North China (北方 Hanyu pinyin: Běifāng) and South China (南方 Hanyu pinyin: Nánfāng) are two approximate regions within China. The exact boundary between these two regions has never been precisely defined. Nevertheless, the self-perception of Chinese people, especially regional stereotypes, has often been dominated by these two concepts.
The boundary between North China and South China is usually defined to be the Qinling Mountains and Huai He River; there is an ambiguous area, the region around Nanyang, Henan, that lies in the gap where the Qinling has ended and the Huai He does not yet begin. As such, the boundary between North and South China does not follow provincial boundaries; it cuts through Shaanxi, Henan, Anhui, and Jiangsu, and creates areas such as Hanzhong (Shaanxi), Xinyang (Henan), and Xuzhou (Jiangsu) that lie on an opposite half of China from the rest of their respective provinces. This may have been deliberate; the Mongol Yuan Dynasty and Han Chinese Ming Dynasty established many of these boundaries intentionally to discourage regionalist separatism.

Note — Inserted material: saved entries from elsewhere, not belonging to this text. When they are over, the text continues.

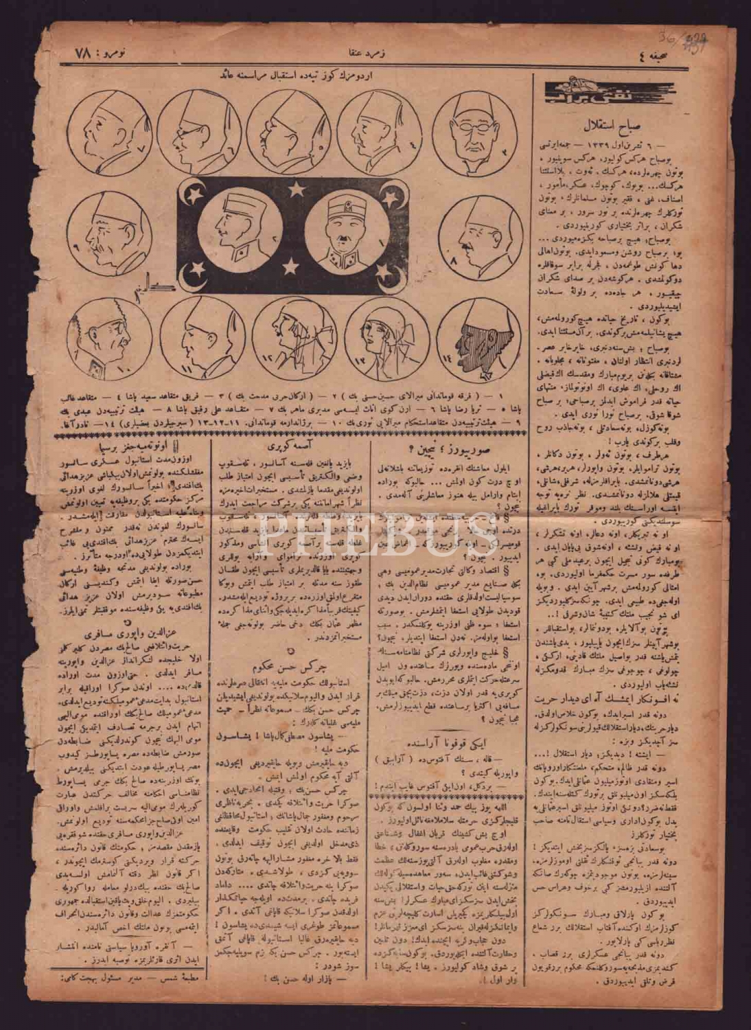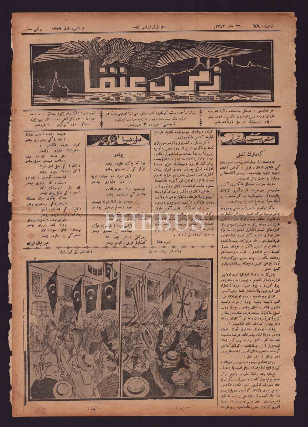 ZÜMRÜD-Ü ANKA gazetesinin İstanbul´un düşman işgalinden kurtuluşu konulu 26 Safer 1342 tarihli nüshası, 28x38 cm...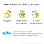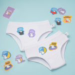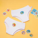It’s white bamboo underwear for kids (4–8 years) that comes with DIY sticker sheets. Kids can personalise their underwear by ironing on the stickers for fun designs.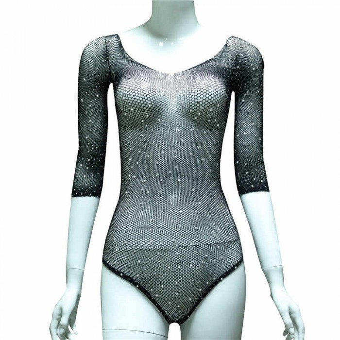 Для тех самых красоток, которые любят блистать и не любят прятать свою красоту за толстым слоем одежды! Каждая женщина знает, что правильно подобранное боди стройнит обладательницу, делая фигуру зрительно более тонкой и гибкой. Обращаем внимание на черный сексуальный боди с длинным рукавом украшенный мелкими блестящими стразами по всему изделию. Мелкая полупрозрачная сеточка приятно облегает тело создавая романтичный настрой не только у того кто видит эту красоту, но и того кто надевает боди на себя. Вы всегда сможете оголить плечики, тем самым меняя модель под состояние вашей души. Каждый край качественно отделан мелкой нитью. Боди имеет сплошной пошив(без закрепок между ног). Станьте звездочкой в его объятиях!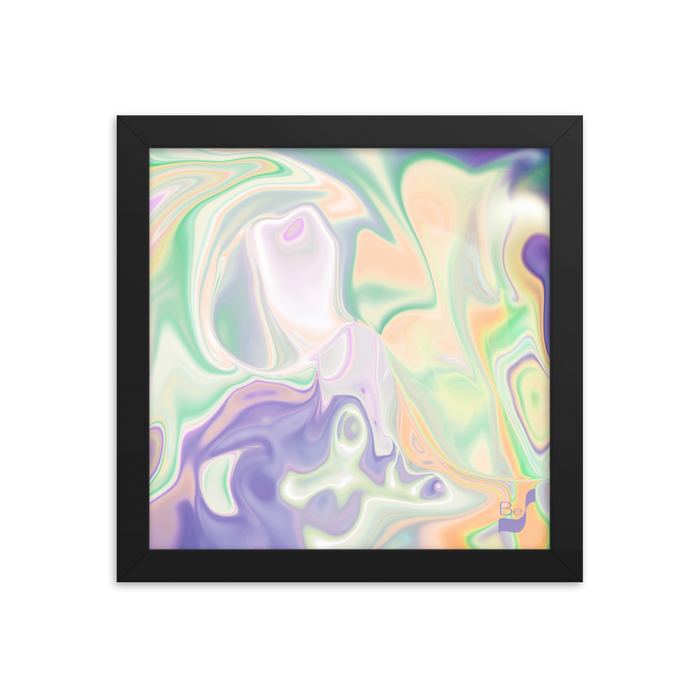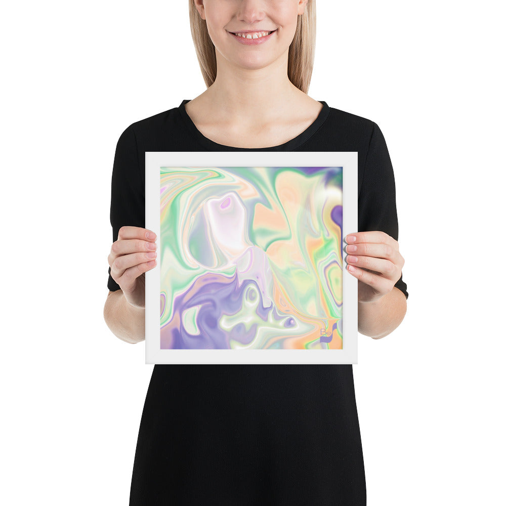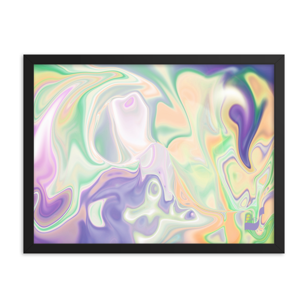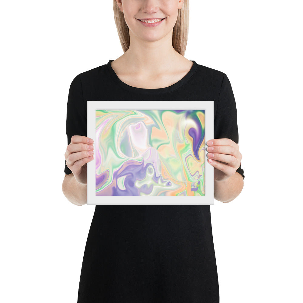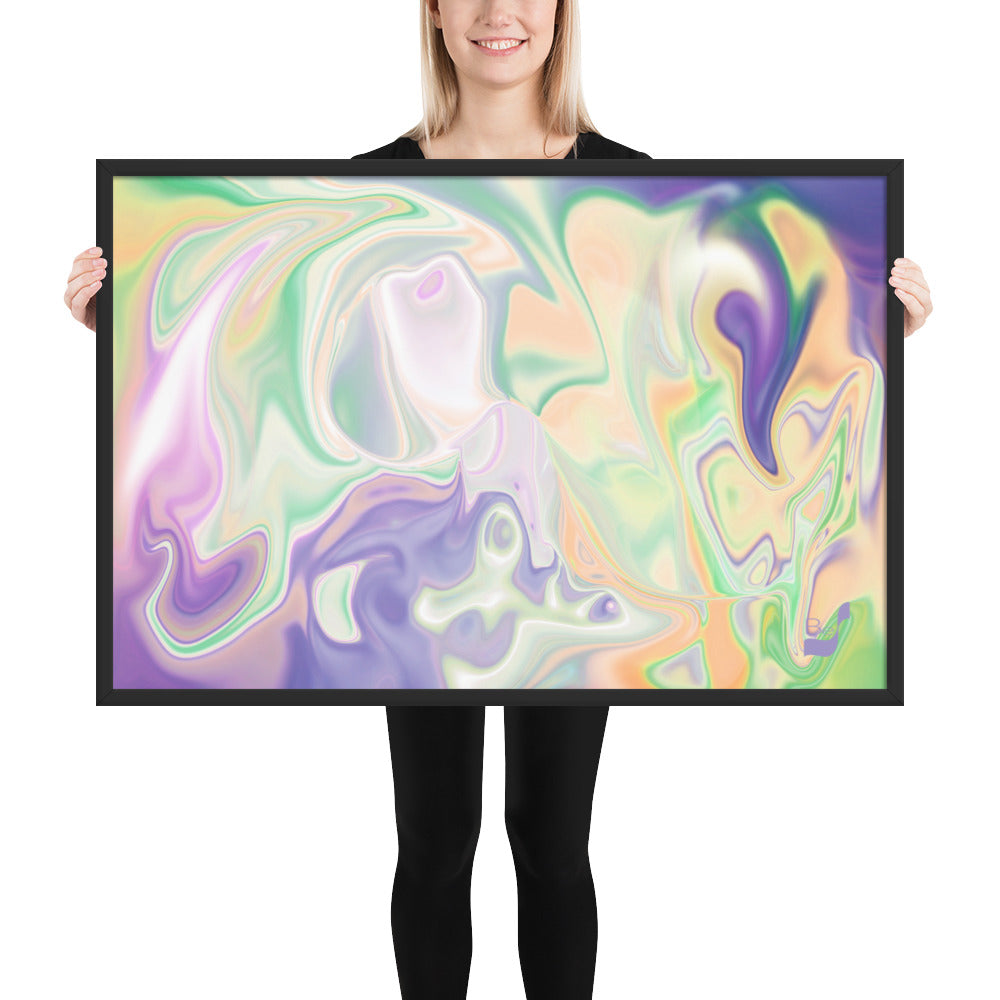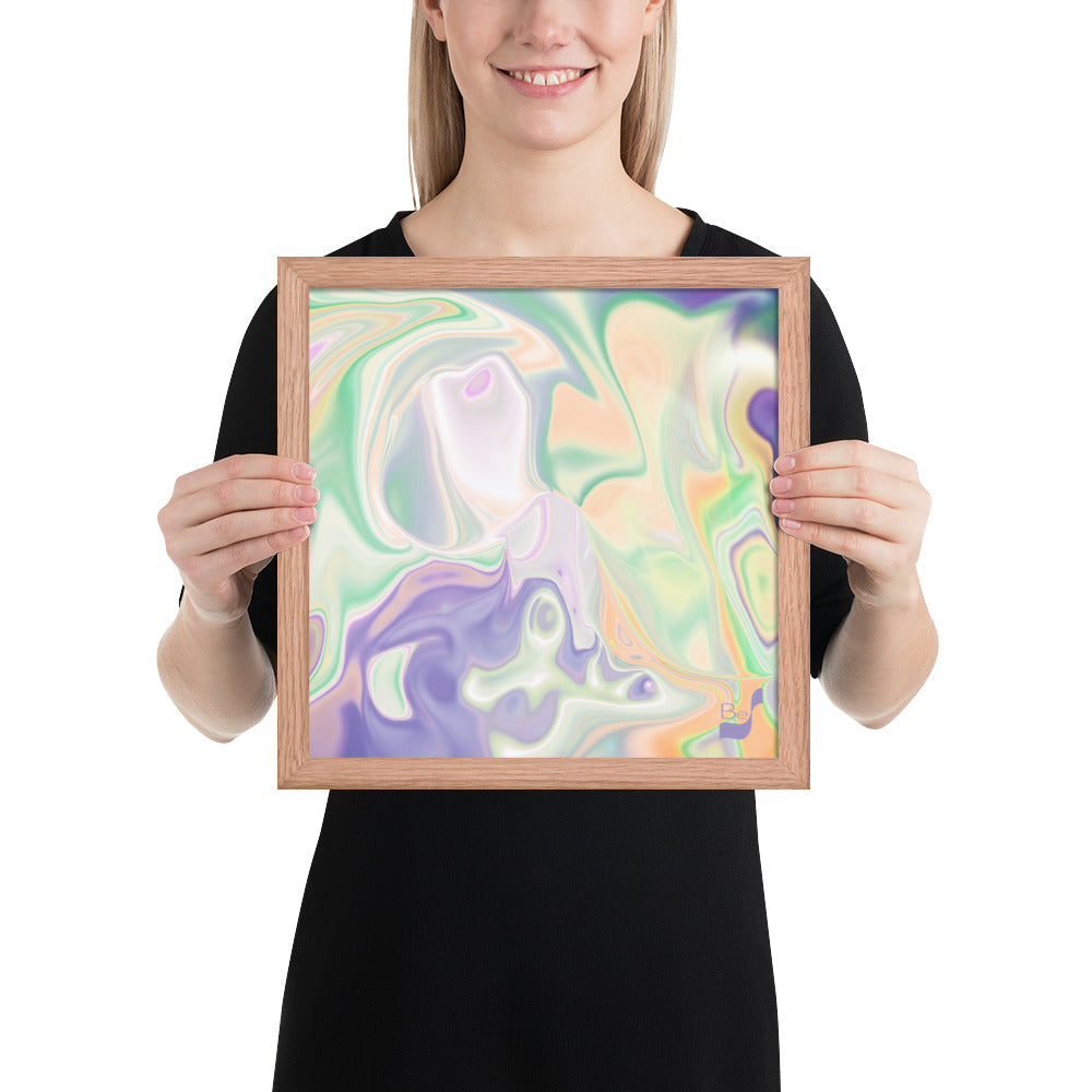 Enhance the allure of your home décor with this beautifully framed abstract art.  The heart of this stunning artwork lies in its captivating combination of colors. Ranging from soothing pastels to rich and deep tones, the colors beautifully intertwine with each other, creating an awe-inspiring visual feast. The carefully chosen colors – African Violet, Emerald, Green, Lavender, Light Green, Light Orange, Light Teal, Purple, and White – harmoniously dance together, elevating the ambiance of any room.

Areas often thought as being outside "China proper", such as Manchuria, Taiwan, and Inner Mongolia, are also conceived as belonging to either North China or South China according to the framework above. Xinjiang and Tibet are, however, not usually conceived of being part of either north or south.

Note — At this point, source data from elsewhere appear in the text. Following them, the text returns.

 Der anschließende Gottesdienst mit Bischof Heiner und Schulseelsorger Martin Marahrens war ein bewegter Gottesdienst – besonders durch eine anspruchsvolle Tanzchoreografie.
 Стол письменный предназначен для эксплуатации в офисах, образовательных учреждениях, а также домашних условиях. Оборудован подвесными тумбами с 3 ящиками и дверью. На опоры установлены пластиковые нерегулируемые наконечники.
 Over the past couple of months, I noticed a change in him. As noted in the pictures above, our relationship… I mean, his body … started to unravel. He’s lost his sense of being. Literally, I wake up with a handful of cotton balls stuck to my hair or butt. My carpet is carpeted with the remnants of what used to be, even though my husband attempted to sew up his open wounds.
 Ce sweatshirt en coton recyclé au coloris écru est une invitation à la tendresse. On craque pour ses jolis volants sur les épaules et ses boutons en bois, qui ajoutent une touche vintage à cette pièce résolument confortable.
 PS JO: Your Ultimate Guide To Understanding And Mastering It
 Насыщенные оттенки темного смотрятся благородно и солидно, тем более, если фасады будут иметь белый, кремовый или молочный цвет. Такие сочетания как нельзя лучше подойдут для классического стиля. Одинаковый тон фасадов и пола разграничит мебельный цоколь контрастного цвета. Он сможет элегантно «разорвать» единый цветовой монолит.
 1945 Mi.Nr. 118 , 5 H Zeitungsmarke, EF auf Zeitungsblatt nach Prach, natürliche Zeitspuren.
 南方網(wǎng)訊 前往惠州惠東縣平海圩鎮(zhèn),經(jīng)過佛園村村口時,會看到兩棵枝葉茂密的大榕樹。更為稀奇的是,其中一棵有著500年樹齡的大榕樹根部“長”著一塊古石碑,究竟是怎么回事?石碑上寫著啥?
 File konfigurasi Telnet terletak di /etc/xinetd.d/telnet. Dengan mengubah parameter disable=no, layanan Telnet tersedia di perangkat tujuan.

The concepts of North China and South China originate from differences in climate, geography, culture, and physical traits; as well as several periods of actual political division in history. North China is too cold and dry for rice cultivation (though it does happen today with modern technology) and consists largely of flat plains, grasslands, and desert; while South China is warm and rainy enough for rice and consists of lush mountains cut by river valleys. In addition, North Chinese trace some of their ancestry to Altaic peoples such as the Mongols and Manchus; South Chinese trace some of their ancestry to Tai and Austronesian peoples related to modern Thais and Taiwanese aborigines; this results in obvious differences in physical trait. (Internal migration within China, however, has greatly blurred such differences.) There are also major differences in language, cuisine, and popular entertainment forms.
Episodes of division into North and South include:
The Southern and Northern Dynasties showed such a high level of polarization between North and South that northerners and southerners referred to each other as barbarians; the Mongol Yuan Dynasty also made use of the concept by dividing Han Chinese into two castes: a higher caste of northerners and a lower caste of southerners. (These were the second-lowest and lowest castes of the Yuan Dynasty.)
In modern times, North and South is merely one of the ways that Chinese people identify themselves, and the divide between North and South China has been overridden by a unified Chinese nationalism. Few Chinese people (with the notable exception of Taiwanese politician Lee Teng-hui) would consider the difference between North and South sufficient reason for political division. During the Deng Xiaoping reforms of the 1980s, South China initially developed much more quickly than North China leading some scholars to wonder whether the economic fault line would create political tension between north and south. Some of this was based on the idea that there would be conflict between the bureaucratic north and the commercial south. This has not occurred in part because the economic faultlines eventually created a division between coastal China and the interior which runs in a different direction than the north-south division, and in part because neither north or south has any type of obvious advantage within the Chinese central government.
Nevertheless, the concepts of North and South continue to play an important role in regional stereotypes.
The stereotypical northerner:
- Is taller, plumper, has fairer skin
- Speaks a northern Mandarin dialect, which is legato
- Eats wheat-based food rather than rice-based food
- Is loud, boisterous, open, and prone to "thunderbolt" displays of emotion, such as anger
- Might make a good emperor
The stereotypical southerner:
- Is shorter, lankier, has darker skin
- Speaks a southern dialect, which is staccato
- Eats rice-based food rather than wheat-based food
- Is clever, calculating, hardworking, and prone to "mincemeat" displays of emotion, such as melancholy
- Might make a good tycoon
Note that these are very rough stereotypes, and are greatly complicated both by further stereotypes by province (or even county) and by real life.
In geology, North China and South China are two ancient landmasses that correspond to modern northern and southern China.